In the large gallery space, Pap's latest paintings are on display. These irregularly shaped tondos are stretched over brutally thick stretchers with bevelled edges, resembling giant potatoes or celestial clouds. Pap has enlarged sketch drawings of personal memories and free associations to monumental scale, featuring scenes such as mermaids sitting by a dry lake, dogs barking at the sky, newborn kittens, a curator girl giving the finger, a self-portrait while fishing, an ejaculating divine phallus, a Corinthian column capital and a distorted MÁV (Hungarian State Railways) logo. On the white surface, expressive acrylic smudges, spray-painted corners and pen-drawn details alternate like a flickering kaleidoscope. The heavy pictorial objects float like clouds above each other on the main wall, with beveled sides showing traces of paint rollers and beetles. "The pictures," says the artist, "are more like questions, half-spoken words, rather than answers. Not every element or factor has a hundred percent solution.
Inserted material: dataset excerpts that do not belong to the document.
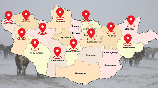 Харин Баян-Өлгийн Булган, Увсын Малчин, Улаангом, Сагил, Баруунтуруун, Говь-Алтайн Хөхморьт, Завханы Баянхайрхан, Улиастай, Тосонцэнгэл, Цэцэн-Уул, Сантмаргац, Сонгино, Баянтэс, Яруу, Түдэвтэй, Баянхонгорын Галуут, Архангайн Хангай, Цахир, Өвөрхангайн Хархорин, Есөнзүйл, Хужирт, Хөвсгөлийн Алаг-Эрдэнэ, Цагаан-Үүр, Цэцэрлэг, Ренчинлхүмбэ, Сэлэнгийн Хүдэр, Хушаат, Түшиг, Ерөө, Сүхбаатар, Төвийн Алтанбулаг, Угтаалцайдам, Баян, Улаанбаатарын Багануур, Хэнтийн Жаргалтхаан, Баян-Овоо, Өмнөдэлгэр, Цэнхэрмандал, Сүхбаатарын Дарьганга, Дорнодын Хэрлэн, Булган Халхголд зузаан цастайн улмаас цагаанаар зудархуу байна.
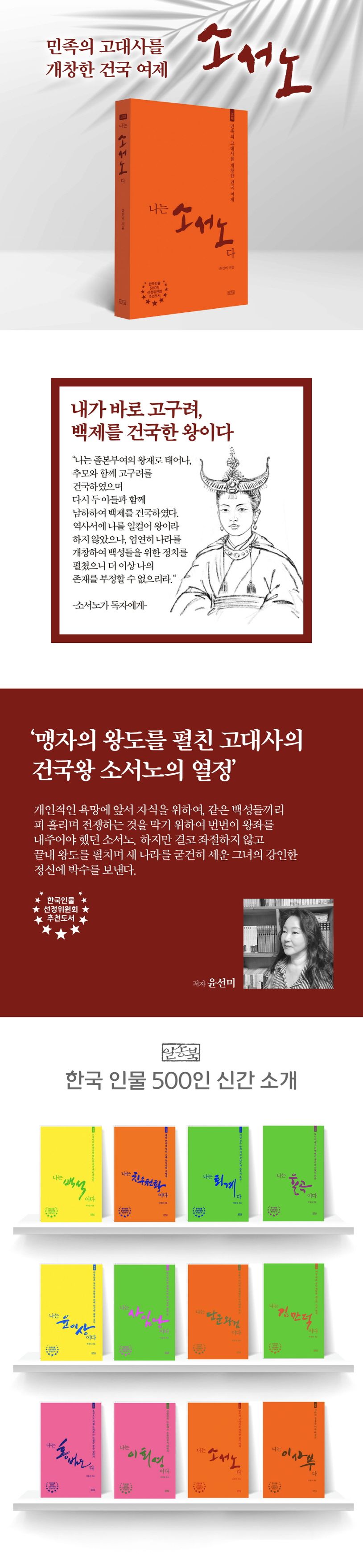고구려를 세운 주몽의 아내, 백제를 건국한 비류와 온조의 어머니로서 ‘킹 메이커’로만 알려져 온 소서노의 실상을 역사적 자료와 소설적 구성으로 생생하게 복원했다.
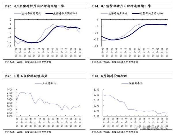 肉制品价格大幅下降,未来补栏需求可能会拉升肉价。6月肉制品价格环比增速下降。鸡肉价格6月份环比增速-11.5%,低于4月-2.1% 的环比增速。猪肉价格6月环比增速-13.7%,低于4月-4.4%的环比增速。6月生猪存栏月同比增速为-5.7%,能繁母猪月同比增速为-4.6%,同比增速均处于不断下滑趋势。饲料端玉米价格不断上行,6月环比增速6%,饲料价格6月环比增速为2.61.

The urge to read and decipher specific motifs is a delusion, misunderstanding is inevitable. The desired reaction: 'What the hell is this?'"


Among the paintings are "art brut" sculptures made from adobe and rural construction materials (All Mud series). The choice of materials reflects today's rural reality, where archaic raw materials (adobe, brick, horse manure used for plastering, hemp rope, pitch) and modern DIY store supplies (chicken wire, pur foam, plastic panels) are inseparably mixed together. The central piece is a dismantled, phallic mortar cannon, with one of its barrels broken off, surrounded by cannonballs with protruding wires. In a small painting on its raw, plastered surface, the military weapon is shown in its intact state, standing proudly. Next to the cannon is a self-portrait-like sculpture of a flower and a barrel object resembling a vagina, while a pair of white paintings reminiscent of butterfly wings (Butterfly-like 1–2) hangs in the room opposite it. The butterfly canvases are montages of images framed by thick, slanted edges with paint-smeared handprints. They feature several motifs, including a crosshair, a butterfly cocoon, the Roman Bocca della Verità and several motifs from the group of works in the neighboring room (triple testicle, Mother Teresa, etc.).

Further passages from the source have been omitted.